A drill bit of the kind shown in FIGS. 1 and 2 is normally designed so as to be substantially balanced, that is to say so that the lateral components of the forces acting on the bit during drilling operations substantially cancel out so as to leave no net lateral force acting on the bit. In practice, however, due to manufacturing tolerances and the unpredictability of certain of the forces acting on the bit, complete balance is difficult to achieve and most bits are imbalanced to a certain extent. According to the above-mentioned paper by Warren, 10% imbalance is typical, and values greater than 15% are not unusual. As a result, one part of the gauge section of the bit, in the direction of the imbalance force, tends to be urged towards the formation. Since kickers 16 carrying abrasion elements are disposed equally around the whole periphery of the bit, the portion of the gauge urged against the formation by the imbalance force engages the formation with high frictional contact and, as previously explained, this may result in the bit beginning to precess or "walk" around the hole in the opposite direction to the direction of rotation of the bit, and this action initiates bit whirl.
There will now be described various arrangements in accordance with the invention for deliberately imparting a lateral imbalance force to the bit and disposing a low friction bearing pad at the gauge in the direction of the imbalance force so that this gauge portion tends to slip on the surface of the gauge portion, thus preventing precession from occurring. Preferably the deliberate imbalance is greater than that typically found, due to manufacturing tolerances etc., in conventional PDC drill bits, i.e. is greater than 10%, and is more preferably greater than 15%.
Since, in accordance with the invention, the imbalance of the bit is deliberately effected by the design of the bit, the direction of the imbalance force is controlled and predetermined, enabling a low friction bearing pad to be positioned on the gauge in the appropriate location to react the imbalance force.
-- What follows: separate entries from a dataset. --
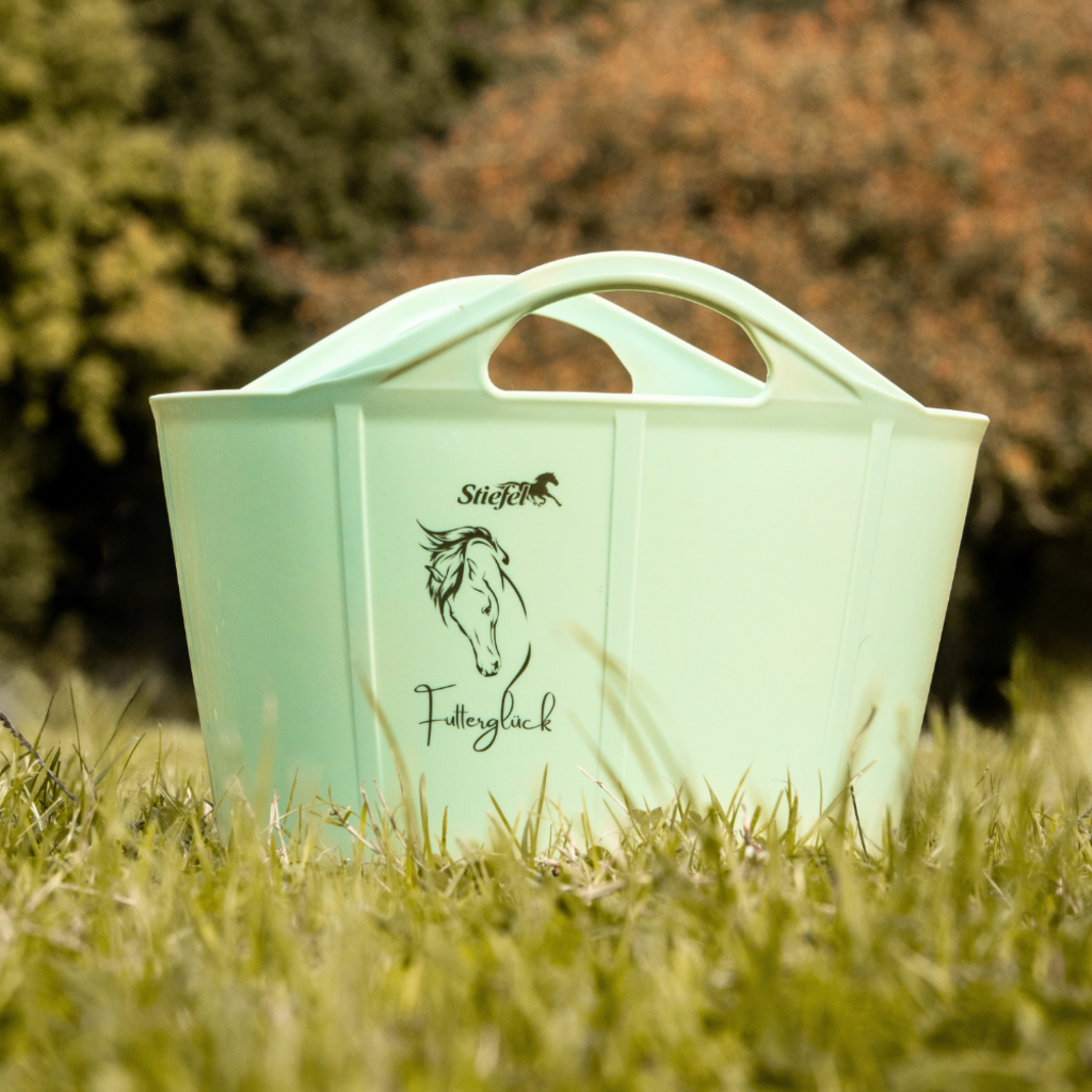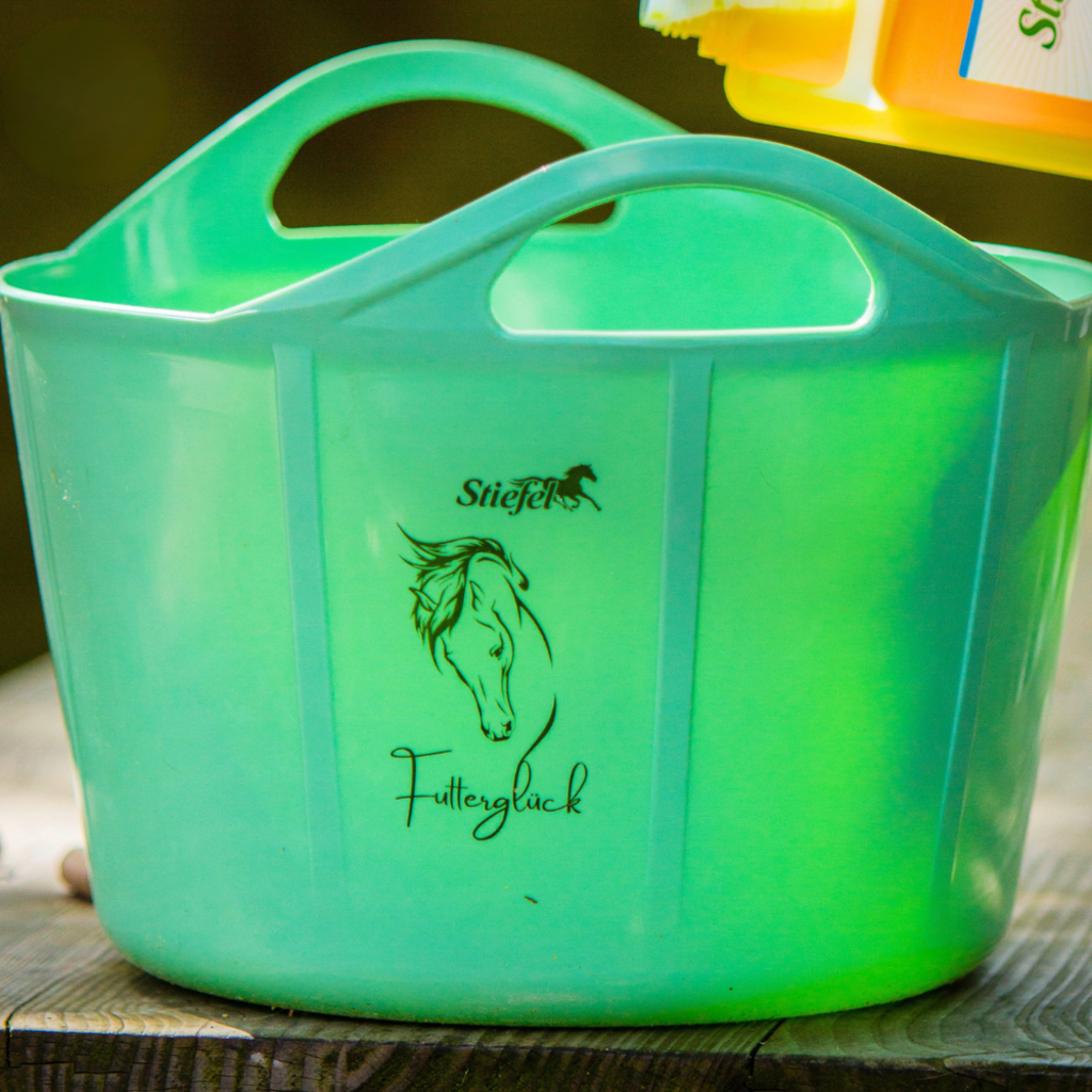 Die Stiefel Flexischale mit 17 l Fassungsvermögen eignet sich ideal zur Futter- oder Wassergabe im Stall und auf der Weide, aber auch auf dem Turnier. Durch ihre vielfältigen Einsatzmöglichkeiten ist die Stiefel Flexischale der perfekte Begleiter im Stall und unterwegs. Da die Stiefel Flexischale aus flexiblem Kunststoff besteht, kann das Verletzungsrisiko deutlich verringert werden.
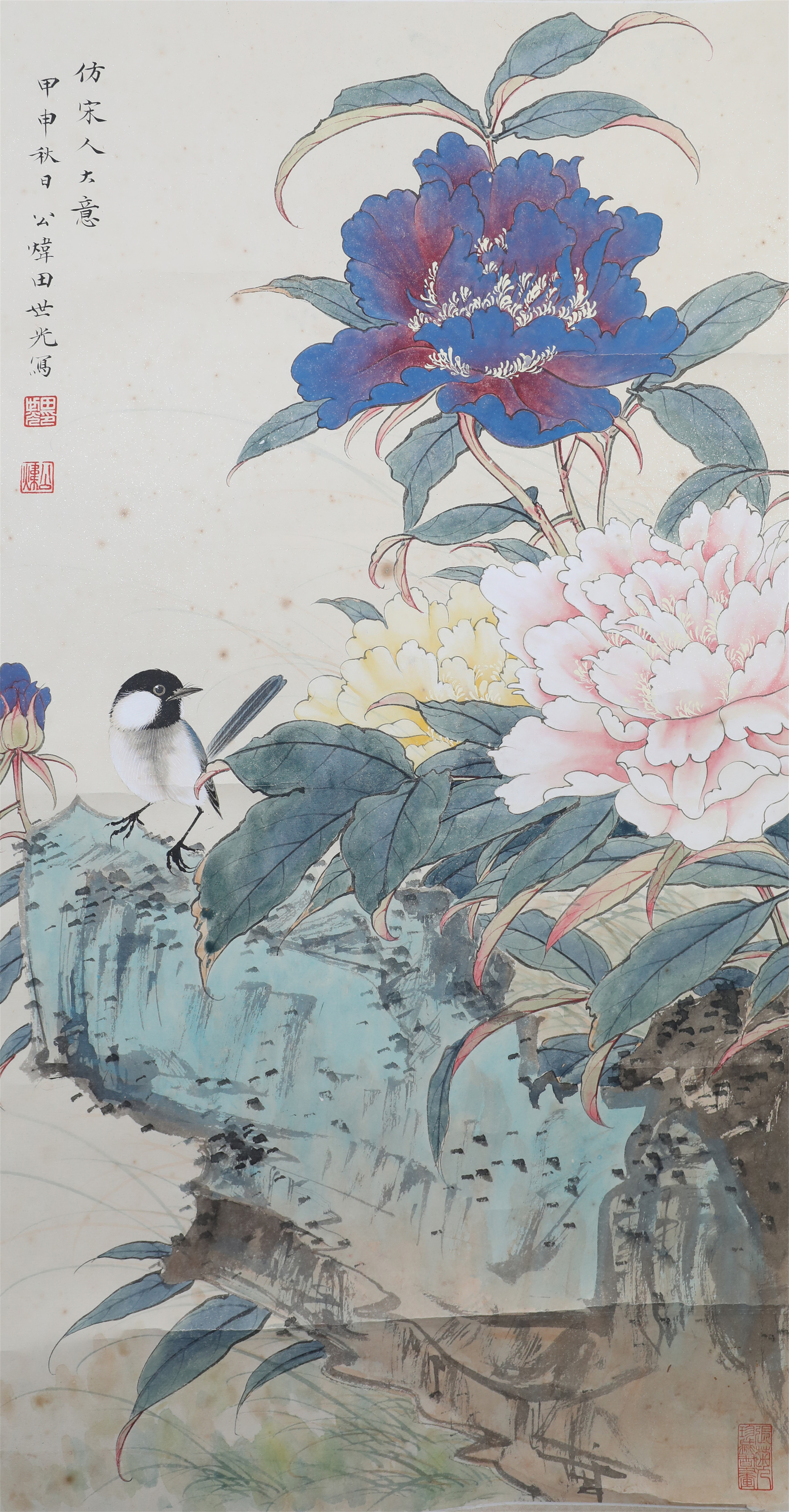 田世光(1916年10月—1999年7月)号公炜,祖籍山东乐陵,世居北京西海淀六郎庄。师承张大千、赵梦朱、吴镜汀、于非闇、齐白石诸先生。早年拜张大千门下,为大风堂弟子之一 。早年求学于京华美术学院,专攻国画花鸟,解放前在北平国立艺专任教,曾任中央美院教授。他长期从事花鸟、山水画创作,继承了宋元派双勾重彩工笔花鸟画的优良传统技法,并赋之予新的时代精神,为我国现代工笔花鸟画名家。田世光先生是中国美术家协会会员,北京工笔重彩画副会长,中国画研究院第一届院务委员。
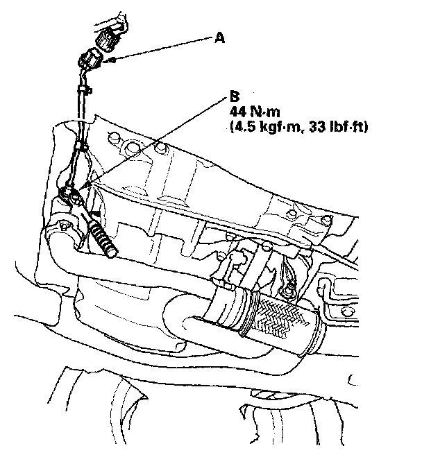 1. Disconnect the front secondary HO2S 4P connector (A), then remove the front secondary HO2S (B).

FIGS. 3 and 4 illustrate diagrammatically cutting elements orientated with different back rake angles. In each case the cutting element is in the form of a circular tablet comprising a front superhard cutting table 30 of polycrystalline diamond, providing a front cutting face 31, bonded to a substrate 32 of cemented tungsten carbide. The cutting element is normally mounted on a carrier 48 received in a socket in the bit body or may, in some cases, be directly mounted on the bit body.
It will be seen that the front cutting face 31 of the cutting element leans forwardly in the direction of movement of the cutting element during drilling as indicated by the arrow 33. The angle 34 which the front cutting face 31 makes to the normal 35 is referred to as a negative back rake angle.
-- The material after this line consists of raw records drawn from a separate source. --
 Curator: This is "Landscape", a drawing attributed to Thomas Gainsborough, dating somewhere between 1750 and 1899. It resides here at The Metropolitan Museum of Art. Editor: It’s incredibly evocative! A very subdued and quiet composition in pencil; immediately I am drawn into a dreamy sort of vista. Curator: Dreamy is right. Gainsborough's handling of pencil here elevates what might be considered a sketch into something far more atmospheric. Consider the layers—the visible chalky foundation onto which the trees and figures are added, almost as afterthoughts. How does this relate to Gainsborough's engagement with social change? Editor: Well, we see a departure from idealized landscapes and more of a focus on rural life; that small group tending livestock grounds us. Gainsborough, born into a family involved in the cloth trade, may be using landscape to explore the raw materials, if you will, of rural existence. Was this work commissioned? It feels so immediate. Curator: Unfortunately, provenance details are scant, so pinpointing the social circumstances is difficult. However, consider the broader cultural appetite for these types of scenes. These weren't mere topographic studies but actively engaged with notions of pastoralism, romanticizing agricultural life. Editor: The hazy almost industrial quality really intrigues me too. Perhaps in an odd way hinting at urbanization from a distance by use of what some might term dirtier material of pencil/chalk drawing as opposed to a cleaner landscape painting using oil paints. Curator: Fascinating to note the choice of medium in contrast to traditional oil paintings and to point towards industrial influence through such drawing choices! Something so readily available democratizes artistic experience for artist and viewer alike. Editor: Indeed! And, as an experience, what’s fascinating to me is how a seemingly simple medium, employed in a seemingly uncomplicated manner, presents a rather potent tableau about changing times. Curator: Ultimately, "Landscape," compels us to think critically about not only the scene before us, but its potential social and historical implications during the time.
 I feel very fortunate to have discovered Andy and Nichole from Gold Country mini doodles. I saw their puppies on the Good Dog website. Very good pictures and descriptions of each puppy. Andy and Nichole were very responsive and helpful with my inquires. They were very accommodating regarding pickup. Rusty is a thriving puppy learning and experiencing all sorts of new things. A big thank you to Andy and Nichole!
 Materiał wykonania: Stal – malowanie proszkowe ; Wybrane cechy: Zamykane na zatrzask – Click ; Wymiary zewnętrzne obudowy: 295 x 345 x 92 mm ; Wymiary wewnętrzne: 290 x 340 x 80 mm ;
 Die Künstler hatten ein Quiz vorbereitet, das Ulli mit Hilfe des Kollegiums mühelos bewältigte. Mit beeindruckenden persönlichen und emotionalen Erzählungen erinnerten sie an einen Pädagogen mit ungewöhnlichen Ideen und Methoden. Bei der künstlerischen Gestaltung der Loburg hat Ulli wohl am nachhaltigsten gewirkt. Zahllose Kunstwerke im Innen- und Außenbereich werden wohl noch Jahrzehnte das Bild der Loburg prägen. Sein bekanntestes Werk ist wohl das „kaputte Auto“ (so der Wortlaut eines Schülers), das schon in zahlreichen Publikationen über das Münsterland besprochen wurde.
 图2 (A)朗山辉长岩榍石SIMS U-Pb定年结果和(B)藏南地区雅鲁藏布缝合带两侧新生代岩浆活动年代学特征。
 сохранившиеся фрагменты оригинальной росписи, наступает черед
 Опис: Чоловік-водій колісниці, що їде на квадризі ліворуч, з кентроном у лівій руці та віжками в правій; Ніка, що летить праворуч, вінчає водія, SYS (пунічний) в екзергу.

The reaction force acting on the bit as a result of cutting engagement of the cutting element with the formation 36 is indicated at 37 and this may be resolved into a vertical component 38 in a direction parallel to the axis of rotation of the bit, and a horizontal component 39. FIG. 3 shows a cutting element having a 20° negative back rake angle whereas FIG. 4 shows a similar cutting element having a 5° negative back rake angle. It will be seen that the horizontal component 39 of the reaction force is greater in the case of the smaller negative back rake angle. Accordingly, the back rake angles or cutters distributed over the face of the bit may be varied so that the vectorial sum of the horizontal components of the reaction forces results in a net force acting on the bit body. The lateral component of this resultant force then provides the lateral imbalance force required by the invention and the bit body is provided with one or more low friction bearing pads on the region of the gauge portion through which the resultant lateral force passes.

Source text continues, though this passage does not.